**** TASK INPUT ****

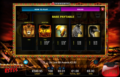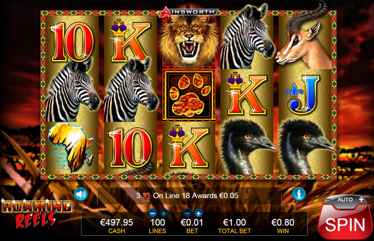 Правилами разрешается задействовать от одной до ста полос, сделав по ним равные ставки. На каждую линию принимается 0.01 – 0.75 евро. Таким образом, можно играть в Roaming Reels даже по одному центу на спин, а максимальная ставка достигает семидесяти пяти евро.
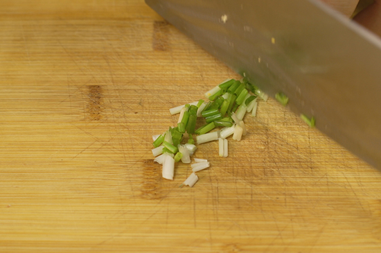 准备食材:米饭、鸡蛋、香葱、盐、食用油。
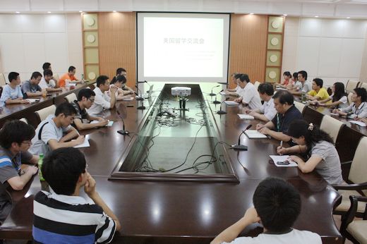 王炜同学首先做报告。针对大家对留美资金方面的顾虑,他结合自己在美国肯塔基大学留学经验及亲身见闻向大家详尽介绍了美国高校研究生奖学金的具体构成和申请条件。同时,他还重点讲解了在申请留学的前期准备中譬如英语考试、递交申请材料等需要注意的相关事项。谈到申请留学的基本条件时,王炜就英语成绩硬性指标、专业和个人背景等为同学们作了认真分析。他认为,大学生应积极利用学校提供的实验设施、设备,丰富实验室工作经历,为成功申请留学积攒能力基础。接着,贾子瑜同学详细讲述了美国大学学习生活、专业设置、考试方法、学分设置等与国内大学的不同之处,并介绍了自己在美国留学积累的学习经验。张一弓同学按照 “衣、食、住、行”四个方面介绍了美国大学生的生活情况。随后,三位留美同学具体回答了同学们提出的问题。
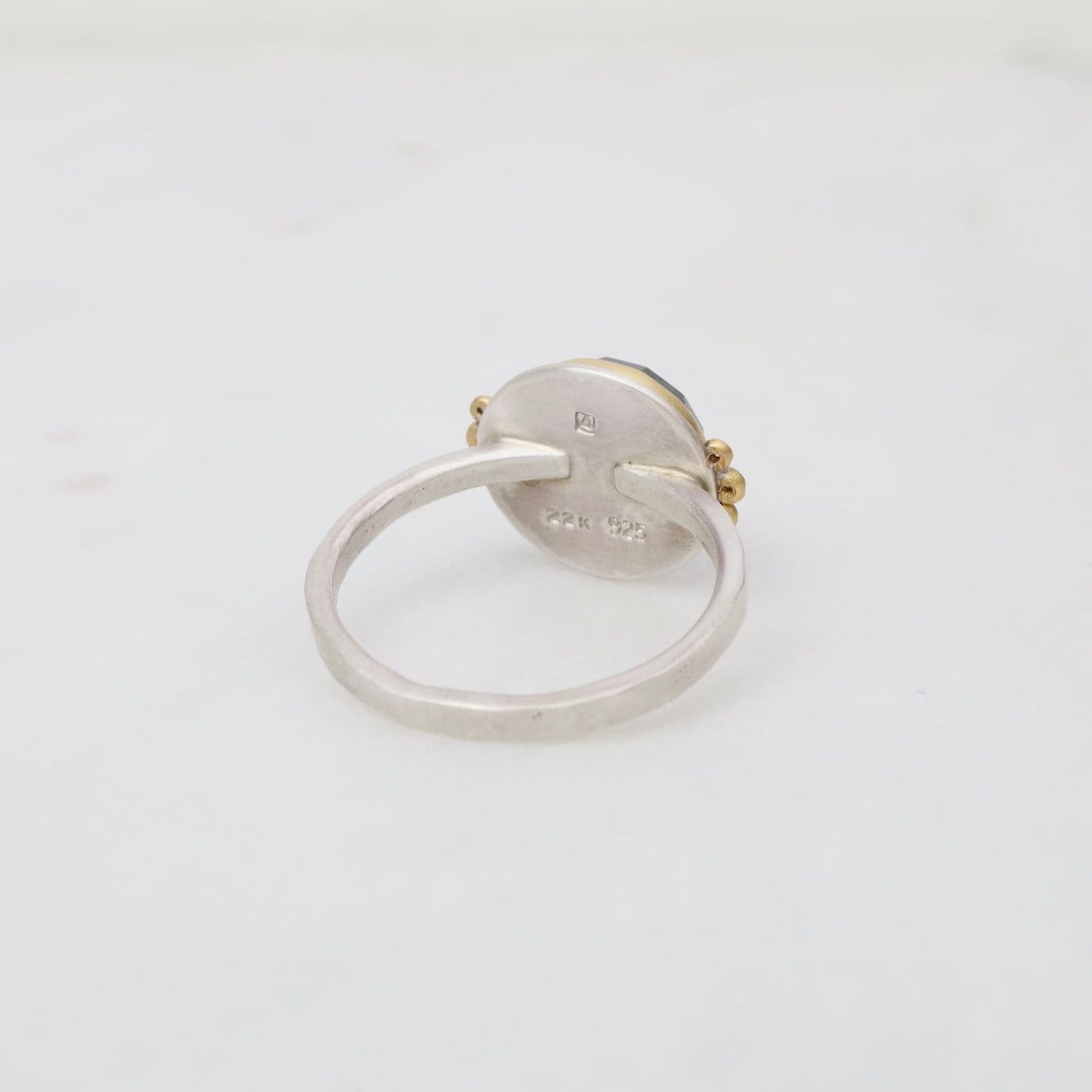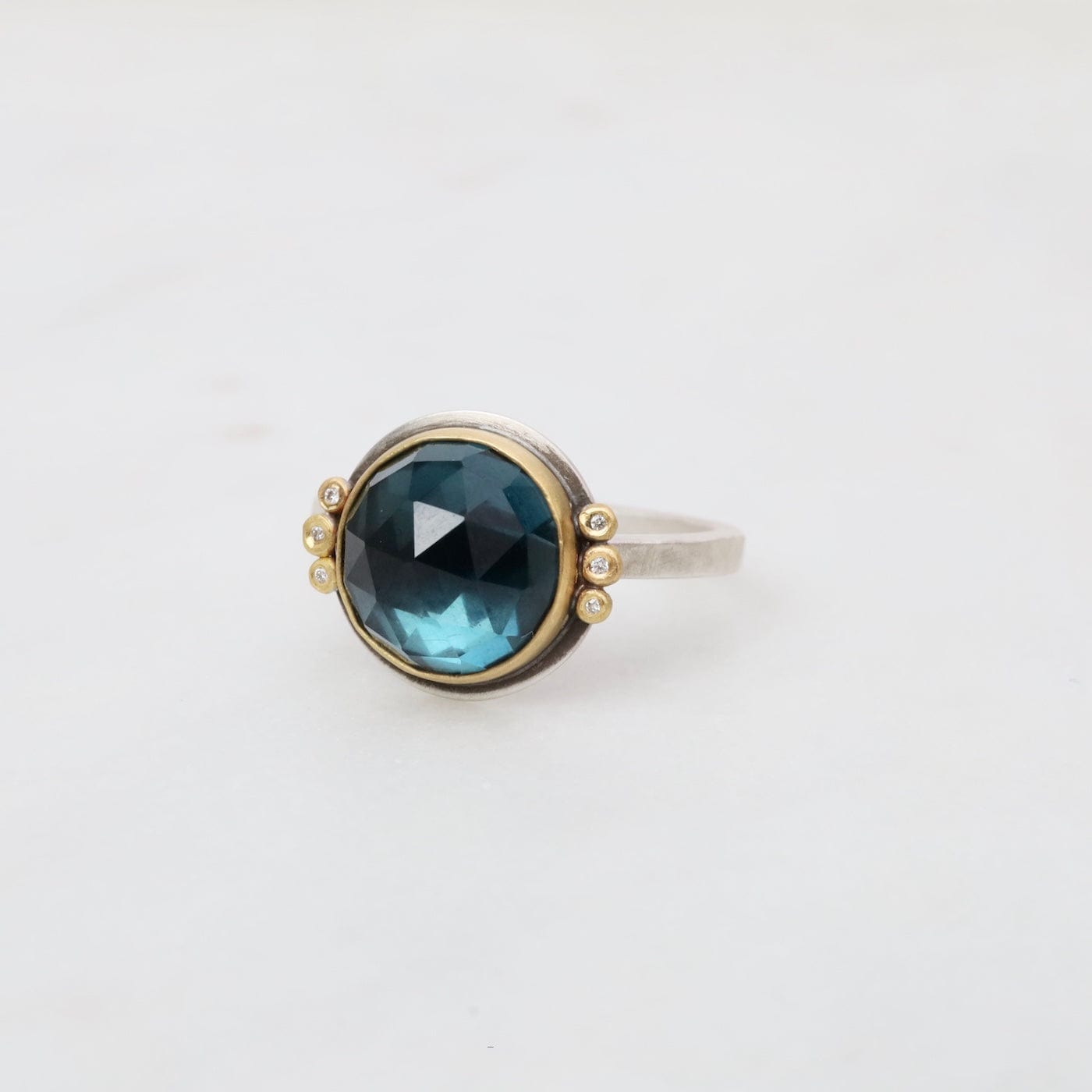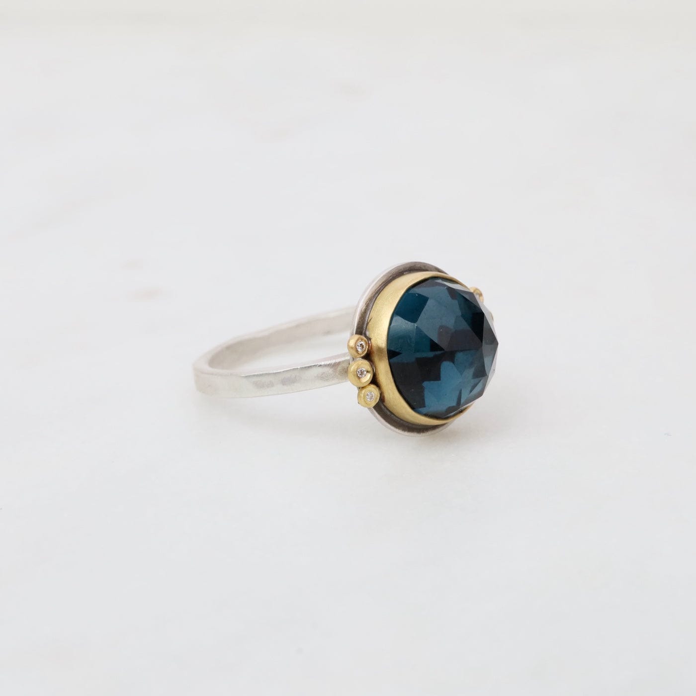 A glowing, rose cut London blue topaz is wrapped in warm 22k gold, and accented with a pair of sparkling diamond trios. This stone has a lovely color, a luminous and sparkly deep blue.
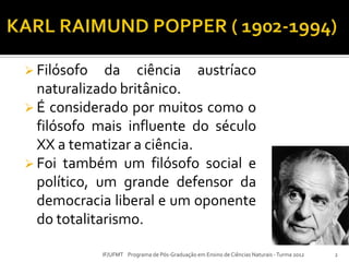 O documento discute a filosofia da ciência de Karl Popper. Segundo Popper, o conhecimento científico não se baseia no método indutivo, mas sim na interação contínua entre conjecturas e refutações. Uma teoria científica é sempre provisória e pode ser refutada a qualquer momento, portanto deve ser passível de teste e refutação.
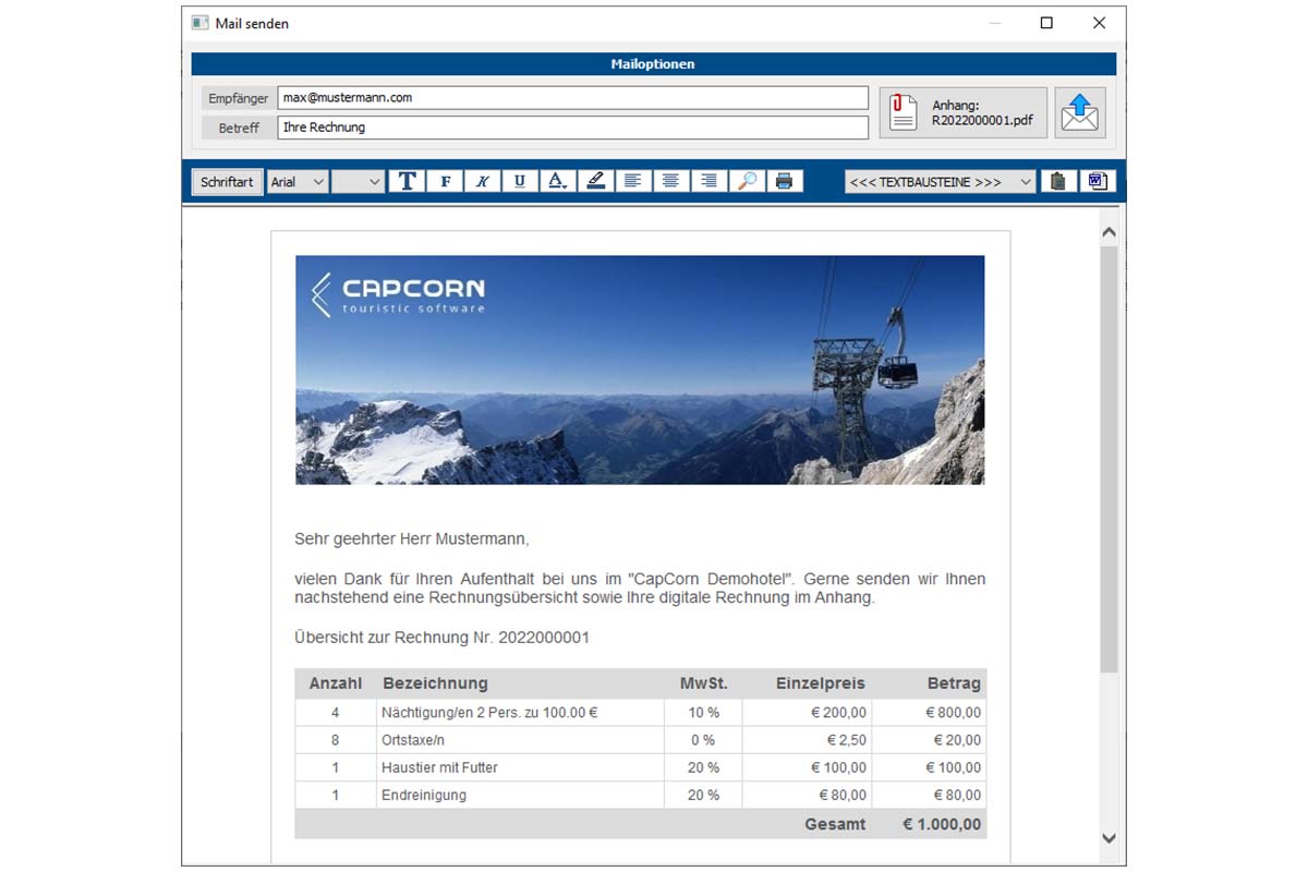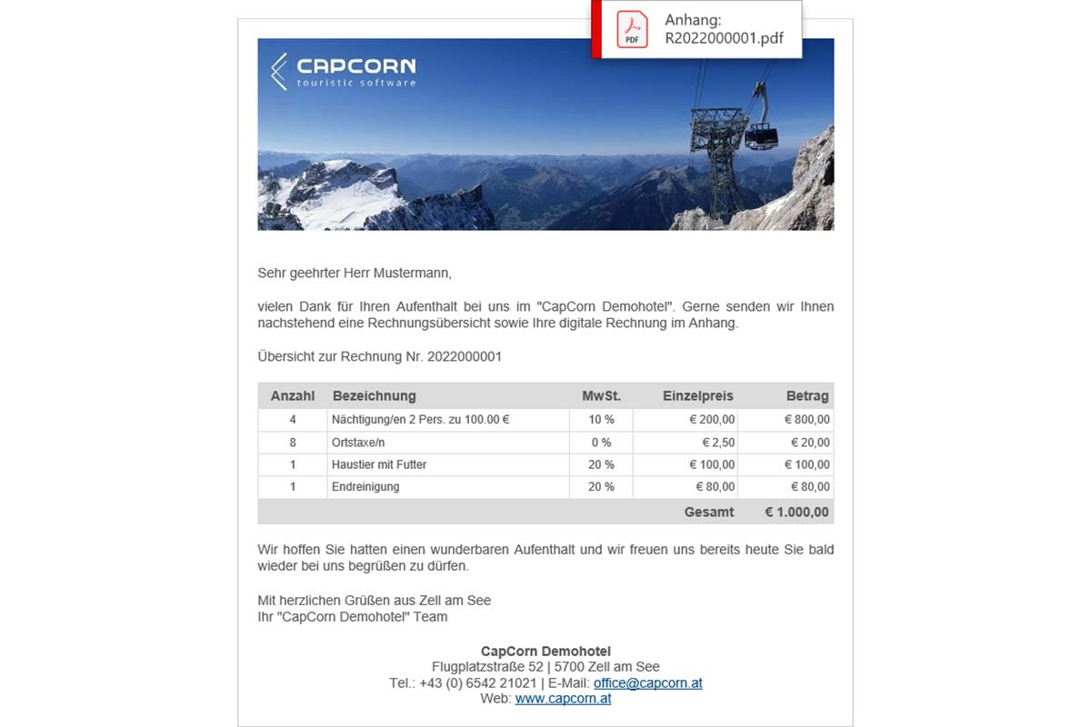 Wenn Sie Ihren Gästen ein Rechnungsmail senden erhalten diese eine praktische Rechnungsübersicht sowie die vollständige Rechnung im E-Mail-Anhang als PDF-Dokument. Die Rechnungsmails lassen sich wie gewohnt personalisieren und können nach Belieben an das eigene Branding angepasst werden.

****

[WORK REQUEST] Nothing in the entries above should change when they are printed again, except that the pictures are dropped.

[WORKED SOLUTION]
 Правилами разрешается задействовать от одной до ста полос, сделав по ним равные ставки. На каждую линию принимается 0.01 – 0.75 евро. Таким образом, можно играть в Roaming Reels даже по одному центу на спин, а максимальная ставка достигает семидесяти пяти евро.
 准备食材:米饭、鸡蛋、香葱、盐、食用油。
 王炜同学首先做报告。针对大家对留美资金方面的顾虑,他结合自己在美国肯塔基大学留学经验及亲身见闻向大家详尽介绍了美国高校研究生奖学金的具体构成和申请条件。同时,他还重点讲解了在申请留学的前期准备中譬如英语考试、递交申请材料等需要注意的相关事项。谈到申请留学的基本条件时,王炜就英语成绩硬性指标、专业和个人背景等为同学们作了认真分析。他认为,大学生应积极利用学校提供的实验设施、设备,丰富实验室工作经历,为成功申请留学积攒能力基础。接着,贾子瑜同学详细讲述了美国大学学习生活、专业设置、考试方法、学分设置等与国内大学的不同之处,并介绍了自己在美国留学积累的学习经验。张一弓同学按照 “衣、食、住、行”四个方面介绍了美国大学生的生活情况。随后,三位留美同学具体回答了同学们提出的问题。
 A glowing, rose cut London blue topaz is wrapped in warm 22k gold, and accented with a pair of sparkling diamond trios. This stone has a lovely color, a luminous and sparkly deep blue.
 O documento discute a filosofia da ciência de Karl Popper. Segundo Popper, o conhecimento científico não se baseia no método indutivo, mas sim na interação contínua entre conjecturas e refutações. Uma teoria científica é sempre provisória e pode ser refutada a qualquer momento, portanto deve ser passível de teste e refutação.
 Wenn Sie Ihren Gästen ein Rechnungsmail senden erhalten diese eine praktische Rechnungsübersicht sowie die vollständige Rechnung im E-Mail-Anhang als PDF-Dokument. Die Rechnungsmails lassen sich wie gewohnt personalisieren und können nach Belieben an das eigene Branding angepasst werden.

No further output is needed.